En el proveído del 27 de noviembre de 2024 la Comisión Nacional de Disciplina Judicial inició por indicar que Enrique Cabrera Pascuas formuló queja disciplinaria bajo el radicado No. 41001110200020080018600 contra JAIME TOLEDO CUÉLLAR, toda vez que posterior a haberse finalizado el 17 de mayo de 2006 el proceso de reparación directa No. 200003968004, el mencionado abogado sólo le reconoció la suma de $28.000.000, monto que resulta ser inferior al 70% que le correspondía, luego de descontarse el 30% de honorarios pactados al inicio de la relación contractual.

Luego, precisó que acumuló a la actuación el proceso No. 41001110200020090046900, iniciado por la queja formulada por Jaysson Correa Pancho contra JAIME TOLEDO CUÉLLAR, toda vez, que en su condición de apoderado en el proceso de reparación directa No. 20000396800108, recibió de parte del Ministerio de Defensa Nacional la indemnización a él reconocida el 17 de mayo de 2006 y no le ha entregado lo que le corresponde, aunado al hecho de que pretende cobrar por honorarios el 50% de lo percibido, variando así el acuerdo inicial.

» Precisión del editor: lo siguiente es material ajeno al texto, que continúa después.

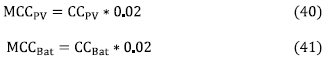 Maintenance cost of PV modules and Batteries per year is assumed to be 2% of the capital costs [4]. This is presented in (40) and (41) respectively.
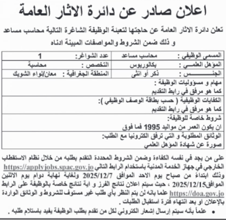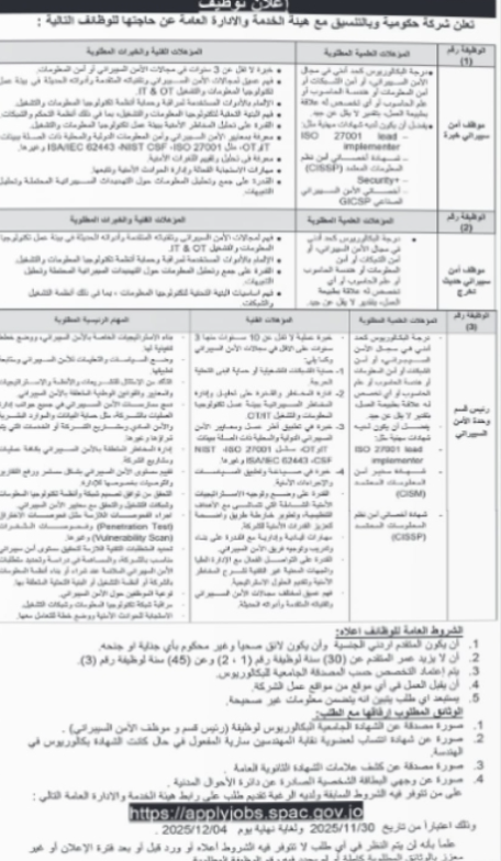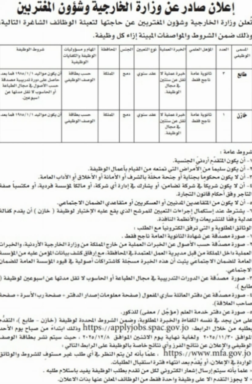 أعلنت مؤسسات حكومية اليوم الأحد، عن وظائف شاغرة ضمن شروط محددة.

De ese modo, luego de enunciar y estudiar las pruebas que fueron allegadas al proceso disciplinario, partió por exponer que el apoderado de JAIME TOLEDO CUÉLLAR solicitó que « se declarara la prescripción de la acción disciplinaria de la falta prevista en el artículo 35 numeral 4 de la Ley 1123 de 2007 por la que fue llamado a responder su representado, dando aplicación al término previsto en el artículo 132 del Estatuto Anticorrupción por el principio de favorabilidad» Al respecto, la autoridad demandada estimó que en el presente asunto no se puede acudir al principio de favorabilidad, por cuanto, no se está ante una situación de duda sobre la disposición jurídica aplicable al caso en concreto, pues, a JAIME TOLEDO CUÉLLAR se le investiga como abogado y no en calidad de servidor, funcionario o empleado público, en tal sentido, consideró que bajo los principios de legalidad y especialidad, la actuación disciplinaria en contra del precitado se surte bajo el procedimiento disciplinario establecido en la Ley 1123 de 2007.

Asimismo, frente a que el término prescriptivo de que trata el artículo 30 de la Ley 734 de 2002 modificado por el artículo 132 de la Ley 1474 de 2011 le es más favorable al interesado, la Corporación demandada sostuvo que ello no es así, debido a que, no se está ante un panorama de tránsito legislativo en que en el que se deba estudiar la aplicación de la norma más benigna, pues las leyes antes referidas son aplicables a los asuntos disciplinarios contra los servidores públicos.

Aunado a lo anterior, estimó que el artículo 16 de la Ley 1123 de 2007 prevé la posibilidad de acudir al Código Disciplinario Único cuando exista un vacío legal en la norma especial, situación que tampoco se evidencia porque el artículo 24 del mencionado estatuto del abogado reglamentó expresamente el tema atinente a la prescripción de la acción disciplinaria.

En virtud de lo anterior, la demandada adujo que no se acreditan las circunstancias legales para dar aplicación a una normatividad distinta de la Ley 1123 de 2007. Sin perjuicio de ello, verificó los términos de prescripción de la acción disciplinaria, conforme lo establecido en la Ley 1123 de 2007 y concluyó que frente al caso del señor Cabrera Pascuas operó el fenómeno jurídico de la prescripción, sin embargo, ello no ocurrió respecto al asunto de Jaysson Correa Pancho.

Al respecto consideró: Ahora bien, al revisar la actuación adelantada, se advierte que se configuró la extinción de la acción disciplinaria respecto de la falta consagrada en el artículo 35 numeral 4 de la Ley 1123 de 2007, en relación únicamente con el supuesto fáctico basado en la retención de dineros que le correspondían al señor ENRIQUE CABRERA PASCUAS, pues esta conducta se vio materializada desde el año 2008 y 2009, cuando el profesional recibió el pago de los dineros reconocidos en la sentencia dictada por el Tribunal Contencioso Administrativo del Huila el 17 de mayo de 2006 al interior del proceso de reparación directa No. 41001233100320000396800 hasta el 29 de abril o 27 de mayo de 2016, datas en las que la víctima presentó solicitud de desistimiento ante el Juzgado 1 Penal Municipal de Conocimiento de Neiva dentro del proceso penal identificado bajo el número 410016000586200900279135, adelantado por el delito de abuso de confianza y se precluyó la acción penal por indemnización integral, respectivamente.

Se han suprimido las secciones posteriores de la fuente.